Links To And Excerpts From The Second E – Ejection From “The “5Es” of emergency physician-performed focused cardiac ultrasound: a protocol for rapid identification of effusion, ejection, equality, exit, and entrance”

In this post, I link to and excerpt from The Second E-Ejection From The “5Es” of emergency physician-performed focused cardiac ultrasound: a protocol for rapid identification of effusion, ejection, equality, exit, and entrance [PubMed Abstract] [Full-Text HTML] Full-Text PDF]. Acad Emerg Med. 2015 May;22(5):583-93.

All that follows is from the above resource.

Abstract

Emergency physician (EP)-performed focused cardiac ultrasound (EP FOCUS) has been increasingly recognized as a crucial tool to help clinicians diagnose and treat potentially life-threatening conditions. The existing literature demonstrates a variety of EP FOCUS applications and protocols; however, EP FOCUS is not taught, practiced, or interpreted consistently between institutions. Drawing on over 12 years of experience in a large-volume, high-acuity academic emergency department, we have developed a protocol for teaching and performing EP FOCUS known as “The 5Es,” where each E represents a specific assessment for immediately relevant clinical information. These include pericardial effusion, qualitative left ventricular ejection, ventricular equality, exit (aortic root diameter), and entrance (inferior vena cava diameter and respirophasic variation). Each of these assessments has been well described in the emergency medicine literature and is within the scope of EP-performed echocardiography. This approach provides a reliable and easily recalled framework for assessing, teaching, and communicating EP FOCUS findings that are essential in caring for the patient in the emergency setting.

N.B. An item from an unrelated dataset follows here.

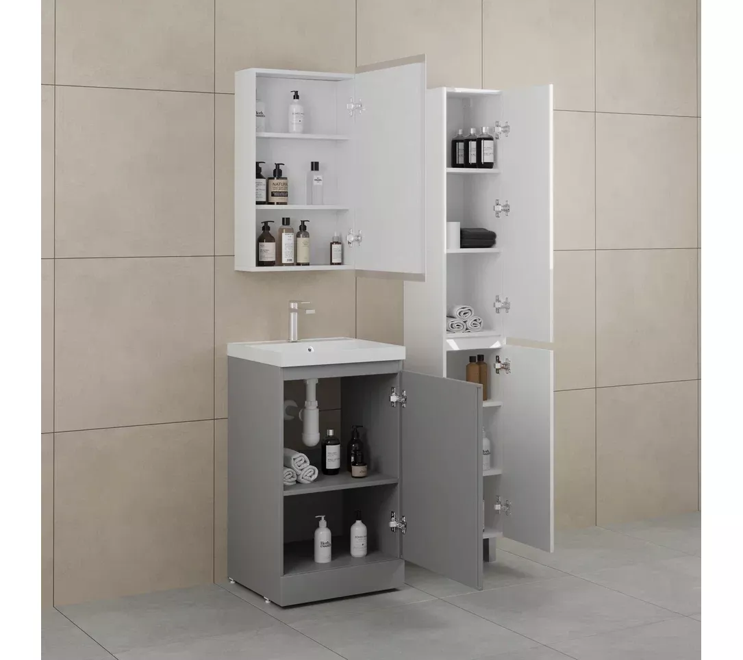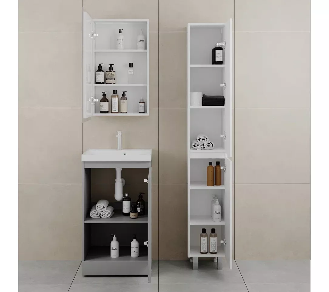 Тумба напольная "БАТЛЕР" (1 ящ.) с раковиной ASTI 50 Люкс антискрейтч серый PLUS

It has been recognized for more than 25 years that emergency physician (EP)-performed focused cardiac ultrasound (EP FOCUS) is an important skill for the care of patients with potentially life-threatening presentations.12 A recent review detailed 16 specific protocols that included cardiac ultrasound (US) as part of the point-of-care US assessment in medical shock.3 The term “focused cardiac ultrasound” has been addressed in some detail (FOCUS,4 FCU,5 and FoCUS6). However, this term is not specialty-specific, may include assessments that are not relevant in the acute/emergency setting, and has not included assessment of the thoracic aortic root (“exit”), which may be particularly applicable to acute and emergent presentations. We have found that the proximal thoracic aorta can be reliably assessed, providing vital information about potential aortic pathology in patients presenting with acute symptoms.7 We thus propose the “5Es” to assess for the presence of a pericardial effusion, left ventricular ejection, ventricular equality, exit (aortic root diameter), and entrance (inferior vena cava [IVC] diameter and respirophasic variation). The 5Es protocol provides an easy-to-teach, evidence-based, and standardized approach to EP FOCUS for the rapid identification and management of time-sensitive pathologic conditions.

Approach to exam

For images in this article, we will use an emergency medicine convention for cardiac imaging with the probe marker oriented to the patient’s right, which keeps the anatomic right on the screen-left, as is the convention for other US imaging.9 This is in contrast with image and probe orientation utilized in traditional cardiology-performed US, but has been recognized as an accepted convention that we find to be conceptually easier, particularly when performing EP FOCUS as part of an integrated examination such as the focused assessment with sonography for trauma (FAST) or the rapid US for shock and hypotension.36

As has been discussed previously in the emergency US literature, EP FOCUS is not intended to replace comprehensive echocardiography (echo) when more thorough cardiology evaluation is indicated. The clinical questions addressed by EP FOCUS tend to be limited and qualitative but it should be understood that EP FOCUS findings may fall on a spectrum that can make binary categorization challenging. The EP is encouraged to use professional judgment for the interpretation and integration of his or her findings into the diagnosis and care of the patient, as well as the need for specialist consultation.

Ejection

The second “E” in our protocol is assessment of LV ejection fraction (LVEF). This E can help differentiate causes of hypotension, chest pain, and dyspnea and may aid in expediting condition-specific therapies.32526

There are multiple quantitative modalities for LVEF calculation; however, qualitative estimates of ejection fraction by EP FOCUS correlate well with both quantitative measurements and subjective estimates by cardiologists.2527 Qualitative assessment of global ejection is typically categorized as “hyperdynamic” (LVEF > 65%), “normal” (LVEF 50% to 65%), “moderately depressed” (LVEF 30% to 50%), or “severely depressed” (LVEF < 30%).2528 Additionally, in cardiac arrest patients, one can recognize “no coordinated myocardial activity” as a likely indicator of futility of further resuscitation.29 Hyperdynamic states are typically associated with decreased afterload, and are most commonly found in patients with sepsis or severe hypovolemia. A severely depressed ejection fraction, particularly when paired with a plethoric IVC (and/or B-lines on thoracic images), indicates systolic heart failure.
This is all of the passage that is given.